In this episode, I’m going to cover the best practices in a high-level checklist for conducting due diligence during acquisition. As you can imagine, having a plan and a construct for approaching diligence will give you peace of mind that the contemplated acquisition is deserving of your capital investment. Too often, I see inexperienced buyers fall into the trap of becoming enamored with a company, all too willing to cut corners, and overlook significant issues that may require time and expense to research.

I will give you a high-level roadmap, some specific tasks to undertake during diligence, a way to minimize the expense associated with diligence, and the critical starting point for all diligence work. In addition, I will be making this checklist available on our websites under the Free Resources section. I urge you to download this checklist before you launch into any acquisition diligence. You can find this resource on either of our websites, SunAcquisitions.com or K2Adviser.com. Thank you for being here and I hope you enjoy this episode.
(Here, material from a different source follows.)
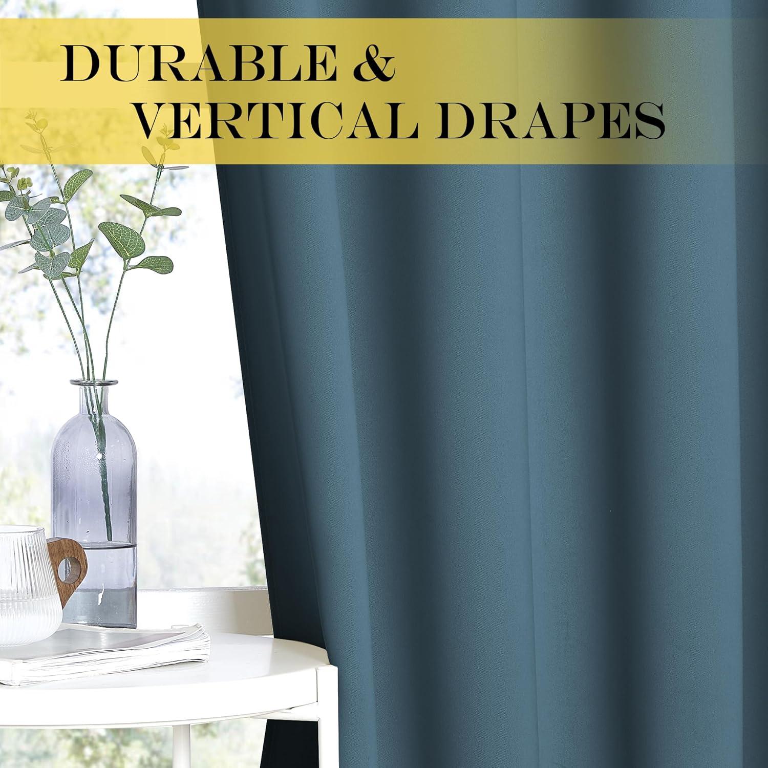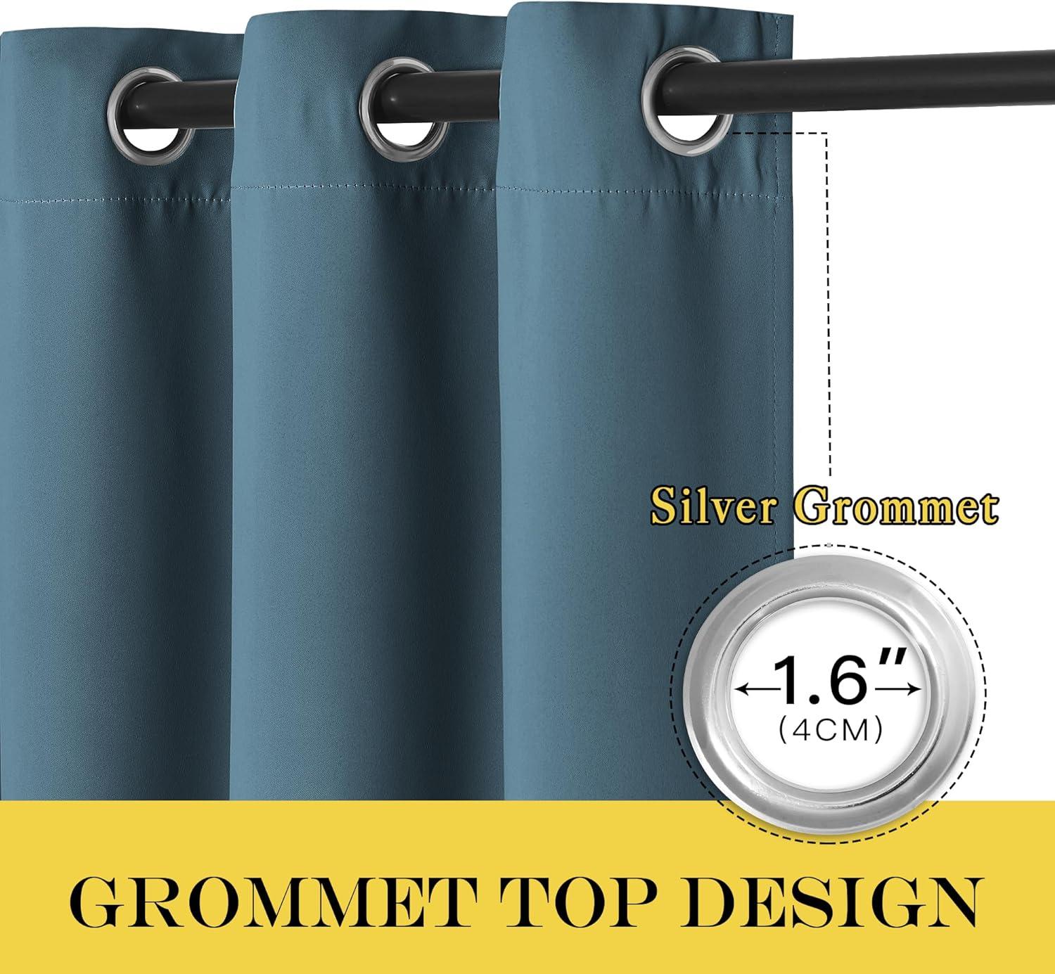 NICETOWN Grommet Blackout Curtains for Living Room Bedroom Window Panels, Thermal Insulated Soundproof Sliding Door Curtains for Patio Glass Door (W52 x L95 Inch, 2 Panels, Dark Mallard)(Stone Blue)

It goes without saying that getting due diligence right can make or break the success of your transaction. The cost of cutting corners, not getting professional advice, or misinterpreting data can leave you scrambling to salvage your investment. If you follow the construct that I’m going to give you, you’ll have a roadmap on how to approach diligence and understanding of the totality of the process. You’ll also know how to set the proper expectations for you, your advisors, and the seller in the transaction. Most of all, it’s going to give you peace of mind that when you do decide to make the acquisition, that you’ve done it in the context of a comprehensive diligence process. With that said, let’s get into this episode.

Diligence Best Practices

I’ve mentioned in the intro that there’s a clear starting point for all diligence that can set the table for everything that follows. That clear starting point is the letter of intent. Diligence starts the day that you make an offer on a business. When you tender your letter of intent to the seller, you’re also outlining in that letter what you anticipate happening in diligence, the items and the elements of diligence, the timeframes, what’s going to be involved, what your expectations are from the seller, your desired outcomes, how you want the business operated during diligence. You might say that you want certain things to happen in the business while diligence is being conducted. Having a good letter of intent that’s drafted by a professional M&A attorney with real thought to the diligence process and post-closing issues will set you up for success.

It’ll set the table for the diligence process and ensure that things can move smoothly, on time, and that you’ll have unfettered access to all the information that you need so that you can get through the process as quickly as possible with the least amount of disruption to the company and yourself. You don’t want a company disrupted while you’re doing diligence. You want that company to continue to operate, move forward, and perform while you and the owner or the management team of that company are performing the diligence and getting through the process.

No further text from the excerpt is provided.